== Segment start ==
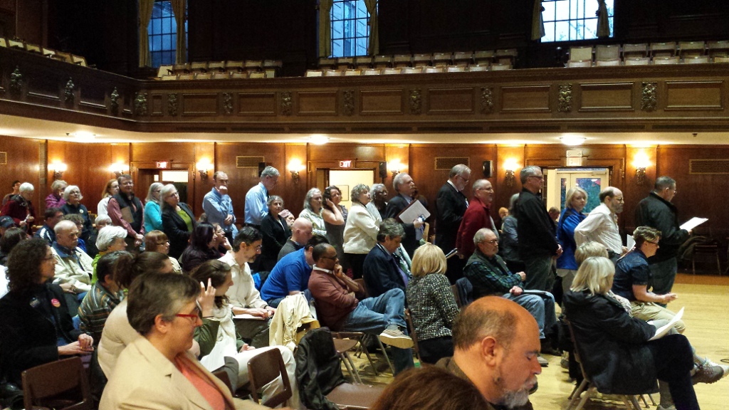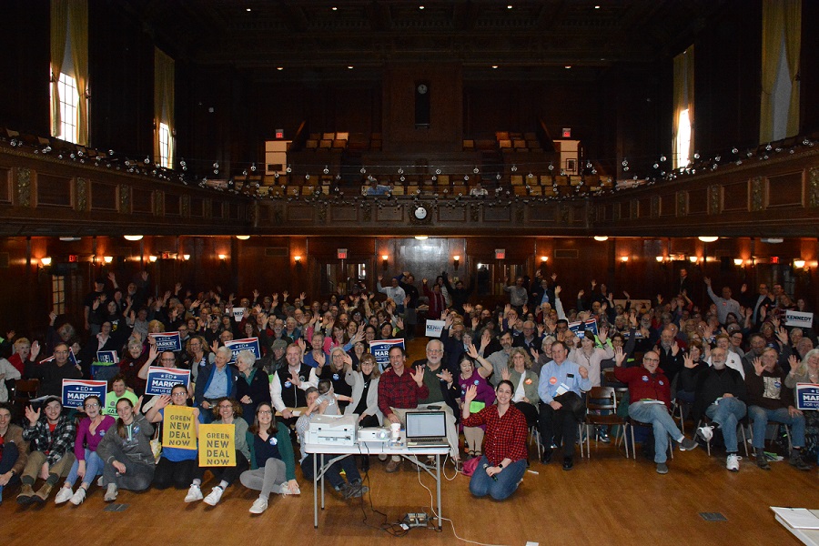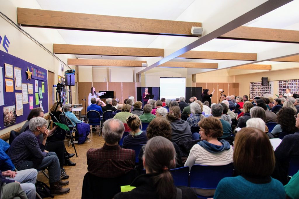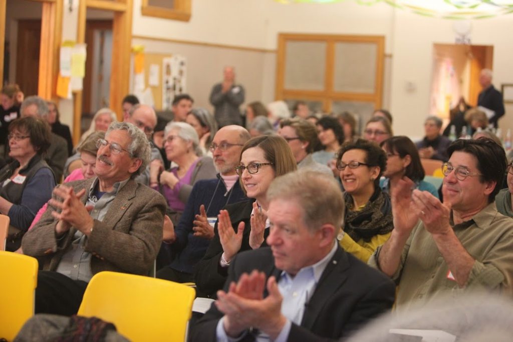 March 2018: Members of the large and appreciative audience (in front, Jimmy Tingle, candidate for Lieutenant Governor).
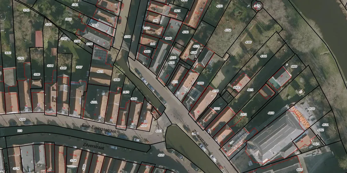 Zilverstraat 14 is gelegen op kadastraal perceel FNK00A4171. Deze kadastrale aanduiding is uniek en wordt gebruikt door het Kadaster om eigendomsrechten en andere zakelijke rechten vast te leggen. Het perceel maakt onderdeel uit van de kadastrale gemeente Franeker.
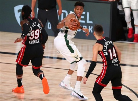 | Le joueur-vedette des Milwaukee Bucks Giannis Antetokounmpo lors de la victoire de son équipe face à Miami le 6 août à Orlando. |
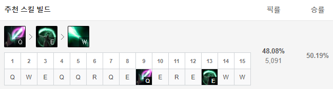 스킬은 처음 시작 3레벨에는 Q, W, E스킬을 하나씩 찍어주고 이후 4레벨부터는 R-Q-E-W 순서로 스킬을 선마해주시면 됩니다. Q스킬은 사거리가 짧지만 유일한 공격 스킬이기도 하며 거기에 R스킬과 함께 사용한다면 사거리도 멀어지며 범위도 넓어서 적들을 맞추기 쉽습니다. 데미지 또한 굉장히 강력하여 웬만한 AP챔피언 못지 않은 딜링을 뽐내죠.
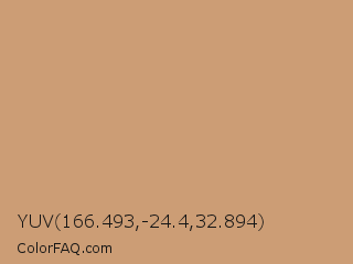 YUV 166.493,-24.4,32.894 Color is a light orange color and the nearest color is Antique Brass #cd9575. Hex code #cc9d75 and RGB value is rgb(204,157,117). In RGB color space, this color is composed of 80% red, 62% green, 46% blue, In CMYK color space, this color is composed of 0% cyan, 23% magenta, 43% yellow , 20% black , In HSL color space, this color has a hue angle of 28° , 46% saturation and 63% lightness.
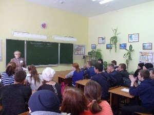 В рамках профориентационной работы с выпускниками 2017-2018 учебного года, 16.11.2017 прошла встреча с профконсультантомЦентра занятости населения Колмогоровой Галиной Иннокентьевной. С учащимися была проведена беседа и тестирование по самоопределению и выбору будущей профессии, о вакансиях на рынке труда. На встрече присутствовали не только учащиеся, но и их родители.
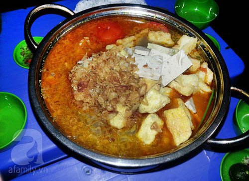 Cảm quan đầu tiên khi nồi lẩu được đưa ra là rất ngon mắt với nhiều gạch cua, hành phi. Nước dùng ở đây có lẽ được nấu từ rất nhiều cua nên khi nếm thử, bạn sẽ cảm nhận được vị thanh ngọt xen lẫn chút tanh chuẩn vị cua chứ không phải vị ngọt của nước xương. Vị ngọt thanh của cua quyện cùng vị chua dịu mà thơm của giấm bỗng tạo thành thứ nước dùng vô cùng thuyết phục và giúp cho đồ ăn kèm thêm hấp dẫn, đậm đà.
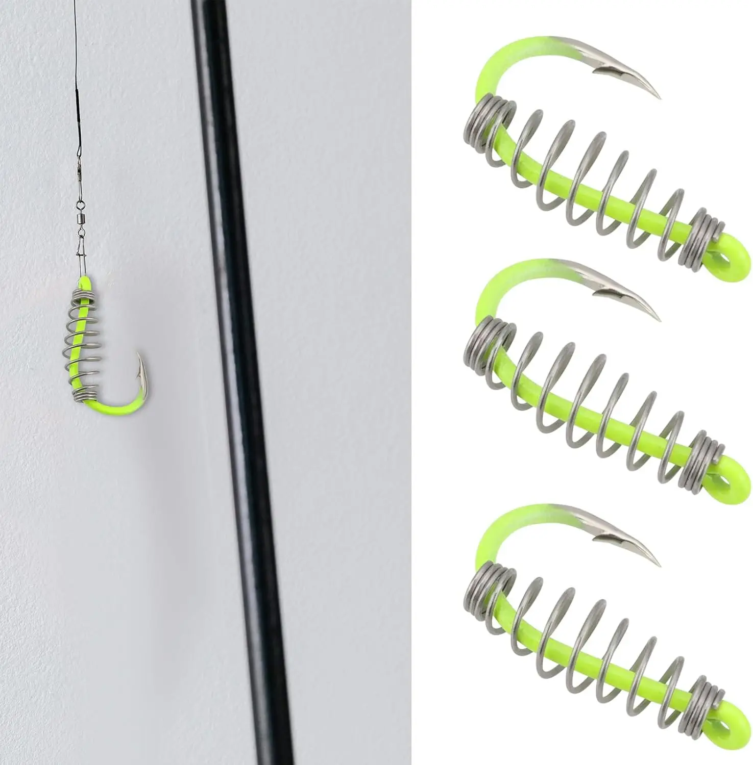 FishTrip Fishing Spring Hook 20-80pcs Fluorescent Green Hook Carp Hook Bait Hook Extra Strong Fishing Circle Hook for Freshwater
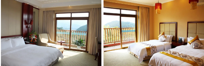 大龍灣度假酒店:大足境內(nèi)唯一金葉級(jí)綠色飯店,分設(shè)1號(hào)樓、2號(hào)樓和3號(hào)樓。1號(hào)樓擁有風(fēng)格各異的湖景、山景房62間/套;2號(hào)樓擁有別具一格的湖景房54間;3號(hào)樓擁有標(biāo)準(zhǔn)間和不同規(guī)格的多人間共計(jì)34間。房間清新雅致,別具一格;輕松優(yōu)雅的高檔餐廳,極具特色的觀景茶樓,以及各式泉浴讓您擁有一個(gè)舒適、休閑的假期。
== Segment end ==
▶ _AIM OF THE TASK_
Each of the entries above must be output exactly, with none of the pictures.

▶ _THE ANSWER_
 March 2018: Members of the large and appreciative audience (in front, Jimmy Tingle, candidate for Lieutenant Governor).
 Zilverstraat 14 is gelegen op kadastraal perceel FNK00A4171. Deze kadastrale aanduiding is uniek en wordt gebruikt door het Kadaster om eigendomsrechten en andere zakelijke rechten vast te leggen. Het perceel maakt onderdeel uit van de kadastrale gemeente Franeker.
 | Le joueur-vedette des Milwaukee Bucks Giannis Antetokounmpo lors de la victoire de son équipe face à Miami le 6 août à Orlando. |
 스킬은 처음 시작 3레벨에는 Q, W, E스킬을 하나씩 찍어주고 이후 4레벨부터는 R-Q-E-W 순서로 스킬을 선마해주시면 됩니다. Q스킬은 사거리가 짧지만 유일한 공격 스킬이기도 하며 거기에 R스킬과 함께 사용한다면 사거리도 멀어지며 범위도 넓어서 적들을 맞추기 쉽습니다. 데미지 또한 굉장히 강력하여 웬만한 AP챔피언 못지 않은 딜링을 뽐내죠.
 YUV 166.493,-24.4,32.894 Color is a light orange color and the nearest color is Antique Brass #cd9575. Hex code #cc9d75 and RGB value is rgb(204,157,117). In RGB color space, this color is composed of 80% red, 62% green, 46% blue, In CMYK color space, this color is composed of 0% cyan, 23% magenta, 43% yellow , 20% black , In HSL color space, this color has a hue angle of 28° , 46% saturation and 63% lightness.
 В рамках профориентационной работы с выпускниками 2017-2018 учебного года, 16.11.2017 прошла встреча с профконсультантомЦентра занятости населения Колмогоровой Галиной Иннокентьевной. С учащимися была проведена беседа и тестирование по самоопределению и выбору будущей профессии, о вакансиях на рынке труда. На встрече присутствовали не только учащиеся, но и их родители.
 Cảm quan đầu tiên khi nồi lẩu được đưa ra là rất ngon mắt với nhiều gạch cua, hành phi. Nước dùng ở đây có lẽ được nấu từ rất nhiều cua nên khi nếm thử, bạn sẽ cảm nhận được vị thanh ngọt xen lẫn chút tanh chuẩn vị cua chứ không phải vị ngọt của nước xương. Vị ngọt thanh của cua quyện cùng vị chua dịu mà thơm của giấm bỗng tạo thành thứ nước dùng vô cùng thuyết phục và giúp cho đồ ăn kèm thêm hấp dẫn, đậm đà.
 FishTrip Fishing Spring Hook 20-80pcs Fluorescent Green Hook Carp Hook Bait Hook Extra Strong Fishing Circle Hook for Freshwater
 大龍灣度假酒店:大足境內(nèi)唯一金葉級(jí)綠色飯店,分設(shè)1號(hào)樓、2號(hào)樓和3號(hào)樓。1號(hào)樓擁有風(fēng)格各異的湖景、山景房62間/套;2號(hào)樓擁有別具一格的湖景房54間;3號(hào)樓擁有標(biāo)準(zhǔn)間和不同規(guī)格的多人間共計(jì)34間。房間清新雅致,別具一格;輕松優(yōu)雅的高檔餐廳,極具特色的觀景茶樓,以及各式泉浴讓您擁有一個(gè)舒適、休閑的假期。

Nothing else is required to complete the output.